Wednesday Options Recap

by: Frederic Ruffy


Stocks are holding gains after Federal Reserve officials concluded their latest meeting and signaled no real changes in monetary policy. As expected, rates were left alone. The Fed also said it was ending its QE2 bond buyback program amid signs of mounting inflationary pressures. However, the outlook for 2011 growth was scaled back and officials retained their pledge to keep rates low for an “extended period”. Beyond the Fed, the early focus was on a March Durable Goods report that was a better-than-expected 2.5 percent. Economists were expecting 1.8 percent. The profit news remains mostly supportive as well, with (NASDAQ:AMZN), Corning (NYSE:GLW), and Dow component Boeing (NYSE:BA) seeing post-earnings gains today. The Dow Jones Industrial Average is up 66 points and not far from session highs. The tech-heavy NASDAQ added 14.4. The CBOE Volatility Index (.VIX) has eased .18 to 15.44 now that the Fed event risk has passed. Trading in the options market is running about the norm, with 8.3 million calls and 6.2 million puts traded across the nine options exchanges so far.

Bullish Flow

LM Ericsson (NASDAQ:ERIC) is up $1.62 to $14.76 and ERIC calls are seeing active trading today after the company reported earnings that topped analyst estimates. 12,500 July 15s have changed hands. Most of the action has been smaller sizes. The top trade is a 388-lot at the 55-cent asking price. It was part of a multi-exchange sweep of 697 contracts. Of the total volume, 51 percent has traded at the ask. While some investors are possibly opening new positions, others might be initiating closing trades. Open interest in the Jul 15 call is 20,015 contracts and the largest position in the Swedish telecomm. The contract is now 1.6 percent out-of-the-money with a delta of .46.

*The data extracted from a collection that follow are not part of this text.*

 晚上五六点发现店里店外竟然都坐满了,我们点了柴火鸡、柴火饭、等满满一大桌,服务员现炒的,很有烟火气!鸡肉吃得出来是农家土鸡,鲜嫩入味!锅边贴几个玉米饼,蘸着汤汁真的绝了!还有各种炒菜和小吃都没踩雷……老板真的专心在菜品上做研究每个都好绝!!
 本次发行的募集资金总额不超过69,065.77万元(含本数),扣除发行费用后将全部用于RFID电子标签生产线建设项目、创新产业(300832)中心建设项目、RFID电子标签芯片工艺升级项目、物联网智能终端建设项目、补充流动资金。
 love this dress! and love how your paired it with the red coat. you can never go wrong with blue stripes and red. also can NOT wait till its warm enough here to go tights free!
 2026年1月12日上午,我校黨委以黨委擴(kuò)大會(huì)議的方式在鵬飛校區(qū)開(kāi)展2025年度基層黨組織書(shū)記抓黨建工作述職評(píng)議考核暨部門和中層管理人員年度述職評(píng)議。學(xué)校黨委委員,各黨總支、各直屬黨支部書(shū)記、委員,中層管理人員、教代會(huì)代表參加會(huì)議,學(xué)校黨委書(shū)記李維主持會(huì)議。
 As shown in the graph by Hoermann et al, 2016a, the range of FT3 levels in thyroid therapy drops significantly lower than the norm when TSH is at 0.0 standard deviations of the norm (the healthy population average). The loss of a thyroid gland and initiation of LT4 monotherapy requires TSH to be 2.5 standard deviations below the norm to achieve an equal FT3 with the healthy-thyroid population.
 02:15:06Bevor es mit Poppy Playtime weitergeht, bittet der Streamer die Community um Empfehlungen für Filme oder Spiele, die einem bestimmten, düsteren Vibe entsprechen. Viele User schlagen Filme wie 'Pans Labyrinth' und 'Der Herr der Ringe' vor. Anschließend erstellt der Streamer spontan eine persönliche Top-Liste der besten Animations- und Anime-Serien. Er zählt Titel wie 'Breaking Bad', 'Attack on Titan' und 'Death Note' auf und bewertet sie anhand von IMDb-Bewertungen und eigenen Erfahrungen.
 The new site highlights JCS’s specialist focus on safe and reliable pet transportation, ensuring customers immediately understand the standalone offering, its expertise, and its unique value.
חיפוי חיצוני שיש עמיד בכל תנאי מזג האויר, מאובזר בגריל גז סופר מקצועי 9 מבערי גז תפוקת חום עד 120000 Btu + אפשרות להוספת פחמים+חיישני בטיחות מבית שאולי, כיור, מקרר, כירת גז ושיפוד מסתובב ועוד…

Baker Hughes (NYSE:BHI) is up $3.31 to $77.37 and touching new 52-week highs today after the oil driller reported earnings of 87 cents per share, which was 9 cents better-than-expected. In options action, a noteworthy options spread traded this morning after an investor sold 14,000 July 65 calls at $12.925 each and bought 20,000 July 75 calls at $5.50. It might exit a position opened in early-January when the same spread saw opening action. Shares were at $55.60 at the time.

Bearish Flow

Ecolabs (NYSE:ECL) adds 16 cents to $51.89 and the May 45 – 50 put spread is sold at 20 cents, 19000X. It likely closes a position opened last week when the same spread traded 19000X at 75 cents. The company reported earnings yesterday. The stock showed little reaction to the news and is up 1.4 percent since the original trade was initiated. Falling implied volatility and slippage have also taken a toll on the put spread. Ouch.

Implied Volatility Mover

The beat-down in Longtop Financial (NYSE:LFT) continues. Shares sank 12.9 percent yesterday and are down another 14.2 percent to $19.08 today. The catalyst for yesterday's decline was a cautionary research note from Citron Research. However, the recent decline dates back to the beginning of the month. Shares are down 40 percent month-to-date. LFT options remain heavily traded as well, with 21,000 calls and 25,000 puts on the tape so far today. The action is scattered in reaction to the big move in the stock. May 20 puts and calls are the most actives. Meanwhile, implied volatility is up 22 percent to 128 and new records for the Hong Kong-based financial software developer.